MATERIAL FOR THIS EXERCISE:
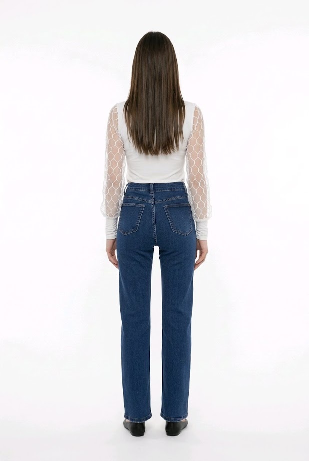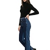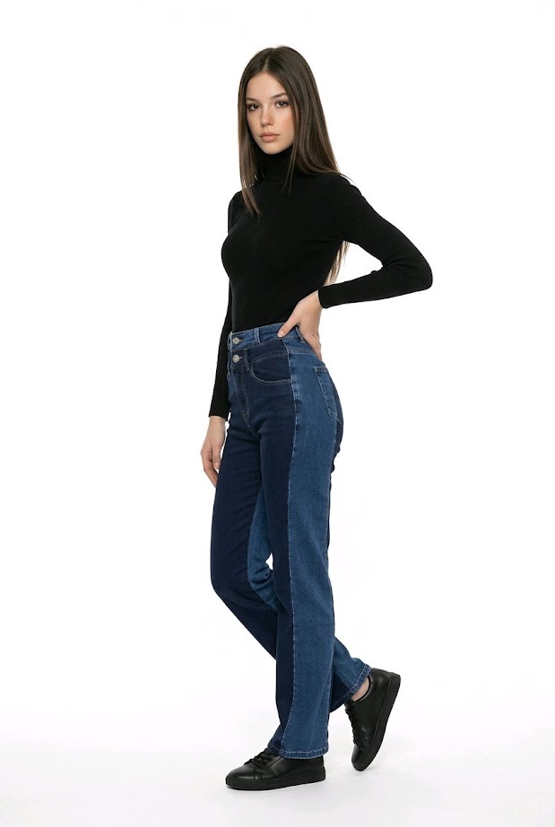 Deze twee-tonen denim broek combineert een moderne look met een slankmakend effect dankzij een lichte verticale baan op donkere denim. Hoge taille, stretch en functionele zakken maken het een stijlvolle en comfortabele keuze.
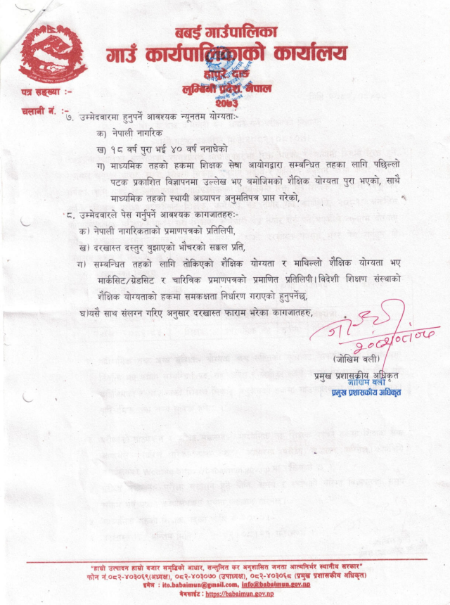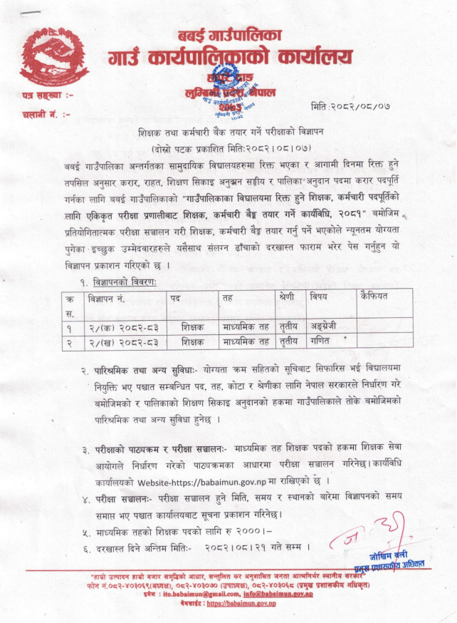 शिक्षक तथा कर्मचारी बैक तयार गर्ने परीक्षाको विज्ञापन
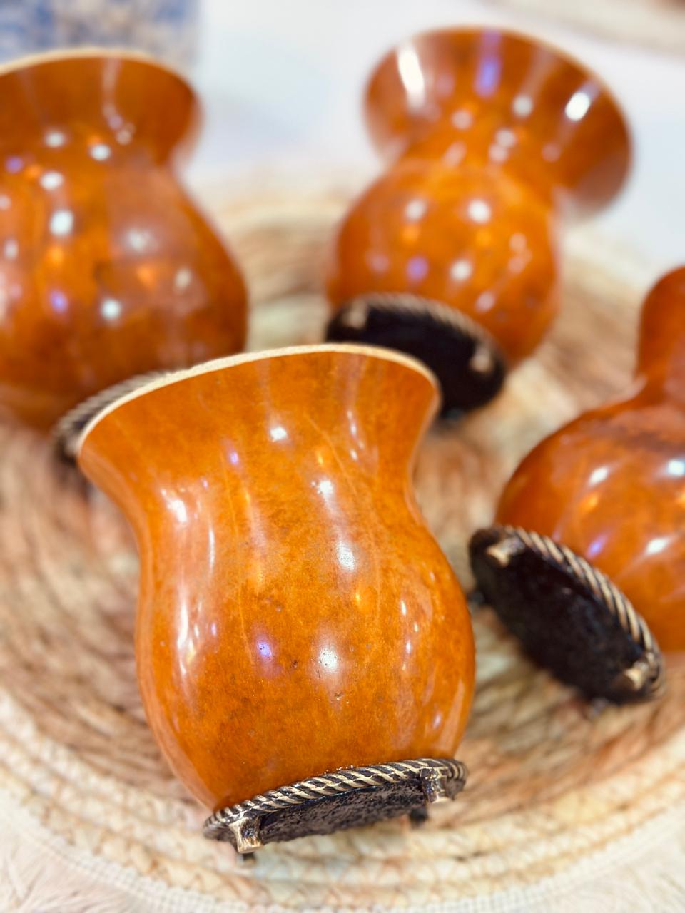 A cuia de porongo é feita artesanalmente com produto natural, o porongo. Tem na sua forma rústica a verdadeira beleza do tradicional chimarrão gaúcho.
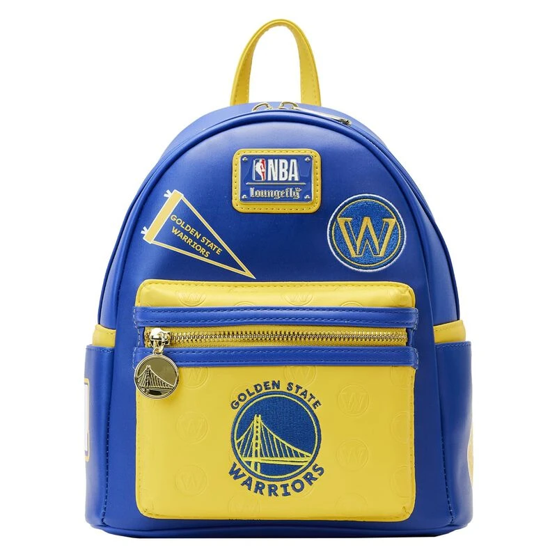 Cheer on your favorite team with a game-winning play for your collection! The Loungefly NBA Golden State Warriors Patch Icons Mini Backpack features chenille and embroidered patches on the front and side pockets of the bag. The Warriors logo appears in a debossed pattern that covers the front zipper pocket and appears as a shiny gold zipper charm, providing easy access to your game-day essentials. Turn the bag around to see the team’s logo make an encore appearance on the back. Whether you’re watching from home or on the sidelines, this stylish mini backpack has plenty of room to carry your gear while sporting your team spirit.
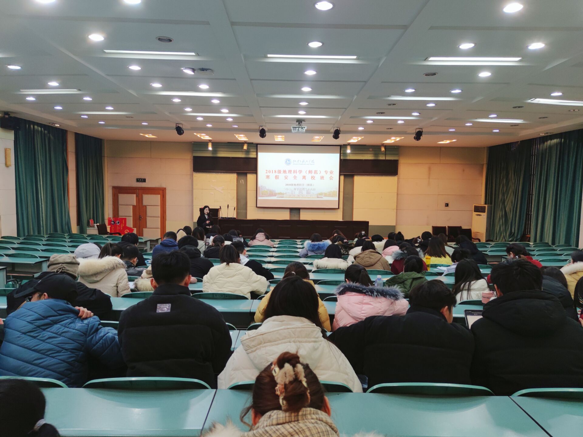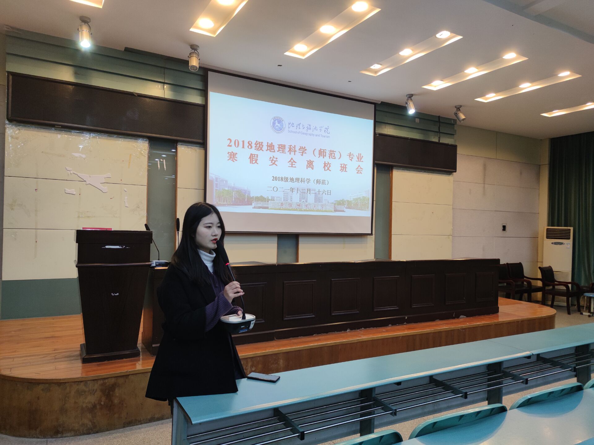 实验楼101教室召开寒假安全离校主题班会。2018级地理科学(师范)专业全体学生参与本次会议,班会由辅导员丁茹栩主持。
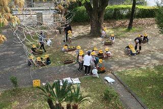 ある昼休みにふと外を見てみると2年生の子どもたちが落ち葉掃除をしていました。
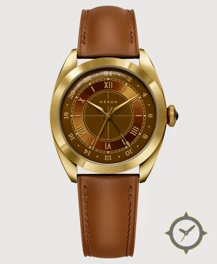 Eine GMT-Uhr mit einem vielseitigen 40mm Gehäuse, das an fast jedes Handgelenk passt, gefertigt aus Gold mit einem Zifferblatt in braun und einer besonderen "sunburst"-Oberfläche und einer echten GMT-Funktion, mit der du eine zweite Zeitzone verfolgen kannst.
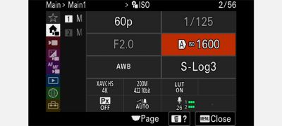 Le ZV-E1 offre un accès rapide aux éléments fréquemment utilisés, tels que la fréquence d'images, la vitesse d'obturation et d'autres paramètres de prise de vue essentiels, grâce à un menu principal sous forme de liste. L'affichage de ce menu peut être assigné à un bouton personnalisé pour pouvoir vérifier et modifier rapidement les paramètres avant la prise de vue. Des menus principaux distincts, optimisés pour les films et les photos, sont également disponibles.
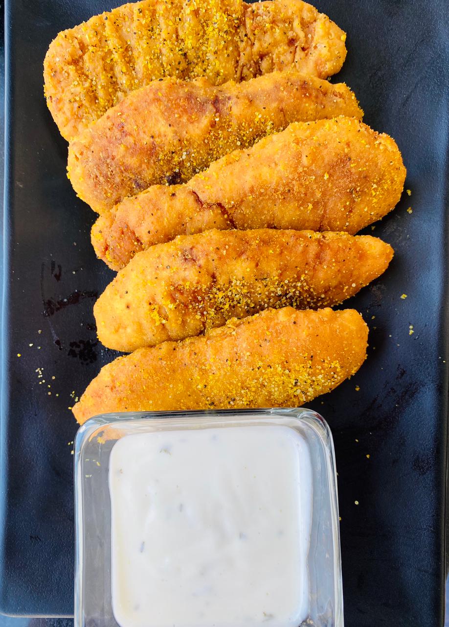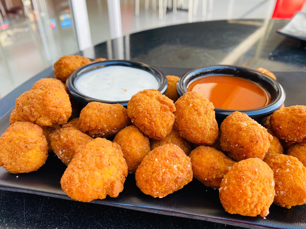 10 Piezas de deliciosos trocitos de pechuga de pollo empanizada bañados con la salsa de tu preferencia 2 sabores, acompañados con 1 aderezo ranch.
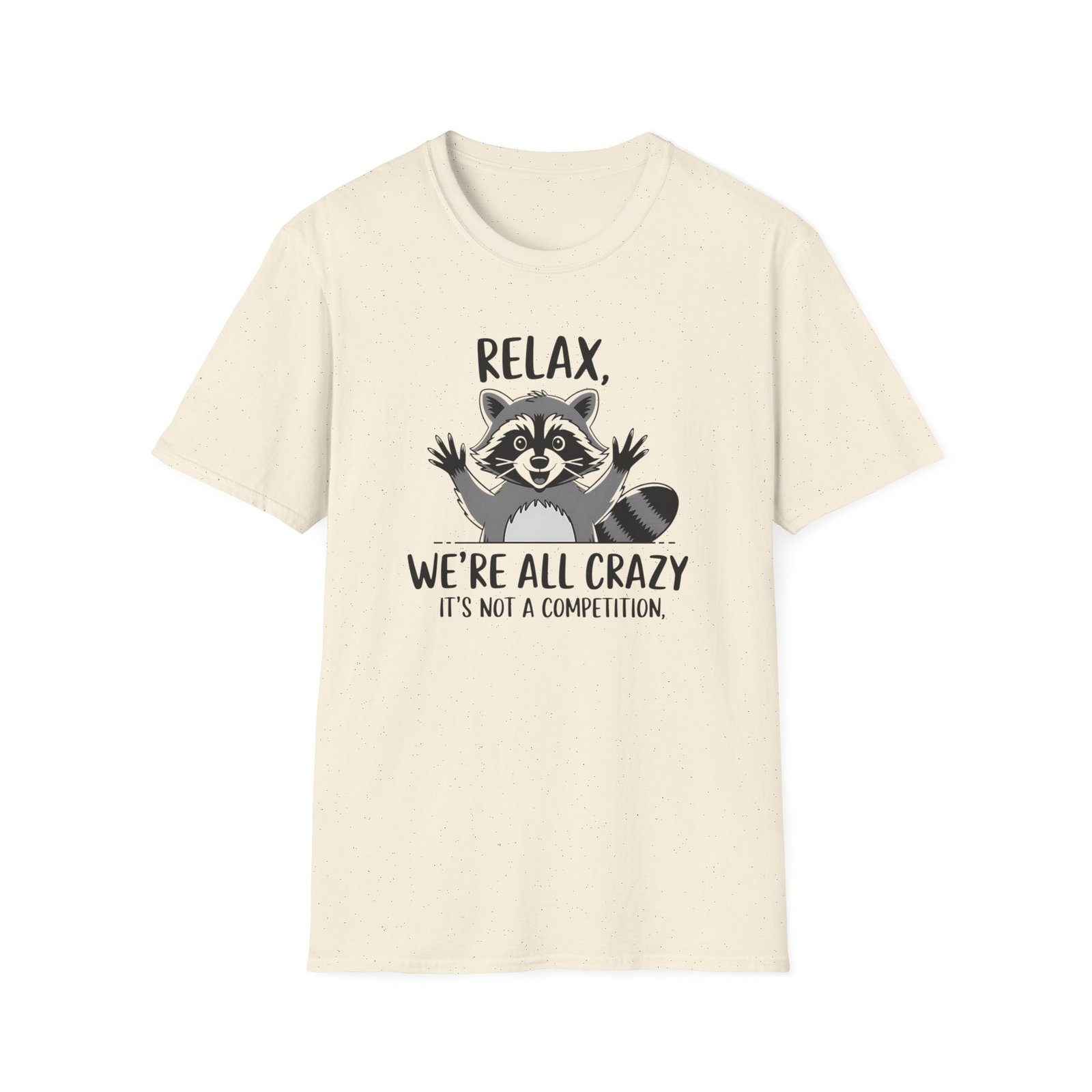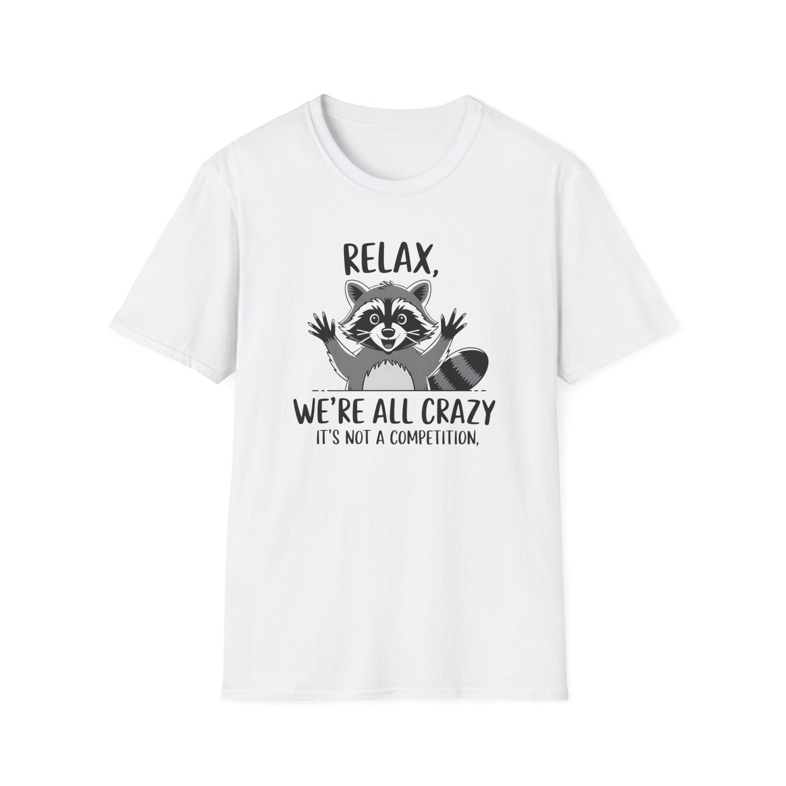 Tricou Unisex Amuzant cu Raton – “Relax, Suntem Toți Nebuni” Design Grafic

THE PROBLEM:
Copy the material exactly as written and leave every picture behind.

RESPONSE BELOW:
 Deze twee-tonen denim broek combineert een moderne look met een slankmakend effect dankzij een lichte verticale baan op donkere denim. Hoge taille, stretch en functionele zakken maken het een stijlvolle en comfortabele keuze.
 शिक्षक तथा कर्मचारी बैक तयार गर्ने परीक्षाको विज्ञापन
 A cuia de porongo é feita artesanalmente com produto natural, o porongo. Tem na sua forma rústica a verdadeira beleza do tradicional chimarrão gaúcho.
 Cheer on your favorite team with a game-winning play for your collection! The Loungefly NBA Golden State Warriors Patch Icons Mini Backpack features chenille and embroidered patches on the front and side pockets of the bag. The Warriors logo appears in a debossed pattern that covers the front zipper pocket and appears as a shiny gold zipper charm, providing easy access to your game-day essentials. Turn the bag around to see the team’s logo make an encore appearance on the back. Whether you’re watching from home or on the sidelines, this stylish mini backpack has plenty of room to carry your gear while sporting your team spirit.
 实验楼101教室召开寒假安全离校主题班会。2018级地理科学(师范)专业全体学生参与本次会议,班会由辅导员丁茹栩主持。
 ある昼休みにふと外を見てみると2年生の子どもたちが落ち葉掃除をしていました。
 Eine GMT-Uhr mit einem vielseitigen 40mm Gehäuse, das an fast jedes Handgelenk passt, gefertigt aus Gold mit einem Zifferblatt in braun und einer besonderen "sunburst"-Oberfläche und einer echten GMT-Funktion, mit der du eine zweite Zeitzone verfolgen kannst.
 Le ZV-E1 offre un accès rapide aux éléments fréquemment utilisés, tels que la fréquence d'images, la vitesse d'obturation et d'autres paramètres de prise de vue essentiels, grâce à un menu principal sous forme de liste. L'affichage de ce menu peut être assigné à un bouton personnalisé pour pouvoir vérifier et modifier rapidement les paramètres avant la prise de vue. Des menus principaux distincts, optimisés pour les films et les photos, sont également disponibles.
 10 Piezas de deliciosos trocitos de pechuga de pollo empanizada bañados con la salsa de tu preferencia 2 sabores, acompañados con 1 aderezo ranch.
 Tricou Unisex Amuzant cu Raton – “Relax, Suntem Toți Nebuni” Design Grafic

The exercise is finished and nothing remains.